RECORD EXCERPTS →
********

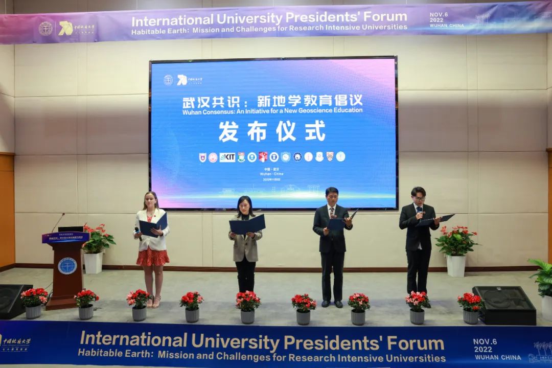 最后,中外大学校长围绕大会主题,探讨了新时代研究型大学的使命与挑战,以及如何构建人与自然和谐共生,实现共同发展。在参会的中外大学校长和与会嘉宾的共同见证下,论坛发布《武汉共识:新地学教育倡议》,倡议中外大学进一步加强国际合作与交流,立足学科交叉与科技创新,充分承担起推动全球可持续发展的大学责任,共创美好未来。
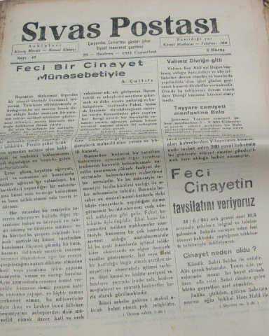 sivas postası gazetesi sayı 45 1941 sahibi: kemal kitapcı
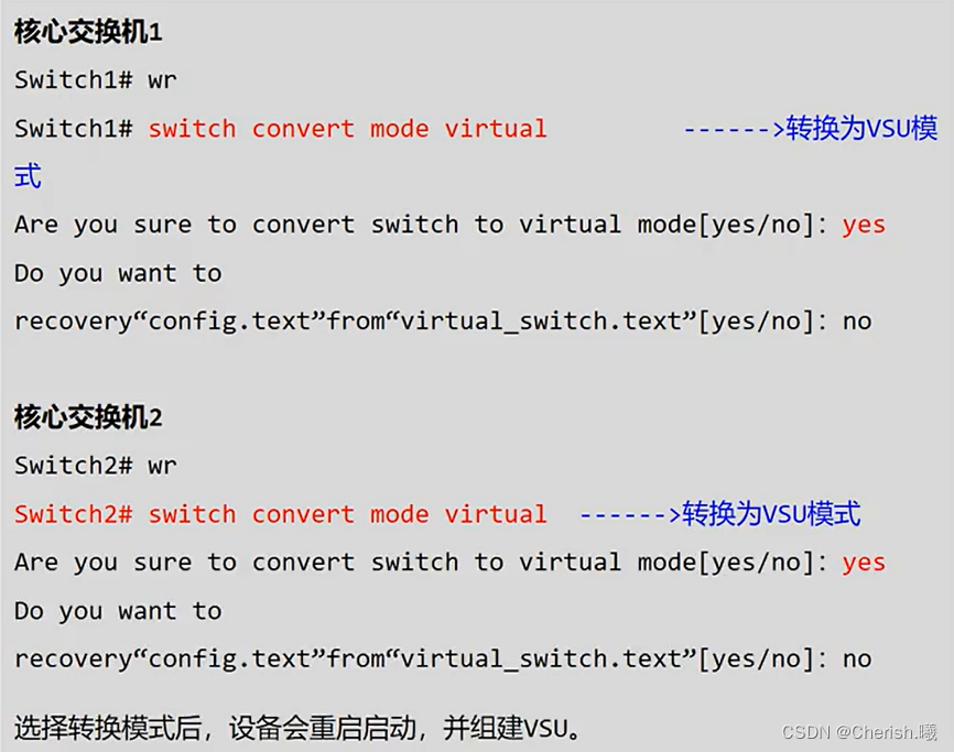 组建VSU,必须把交换机的工作模式从单机模式切换到VSU模式。
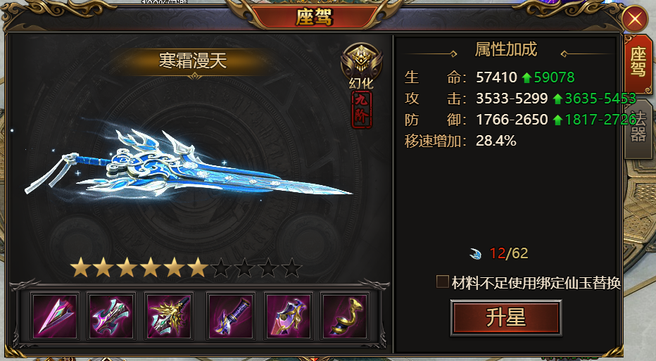 (1)法器至少升星一次后激活,激活后获得属性加成,共二十阶十星,使用玄铁碎片进行升级。在副装神殿中可获得专属副装,集齐套装后增加座驾属性。
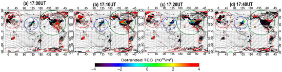 (a–d) LSTIDs detected in the global dTEC map over the Northern Hemisphere on 10 October during (a) 17:00 UT, (b) 17:10UT, (c) 17:20UT, and (d) 17:40UT.

********

TASK BRIEF → Go to the line that contains "(1)法器至少升星一次后激活" and copy exactly from there through the last line of the records above, both included. Omit pictures.

YOUR SOLUTION →
 (1)法器至少升星一次后激活,激活后获得属性加成,共二十阶十星,使用玄铁碎片进行升级。在副装神殿中可获得专属副装,集齐套装后增加座驾属性。
 (a–d) LSTIDs detected in the global dTEC map over the Northern Hemisphere on 10 October during (a) 17:00 UT, (b) 17:10UT, (c) 17:20UT, and (d) 17:40UT.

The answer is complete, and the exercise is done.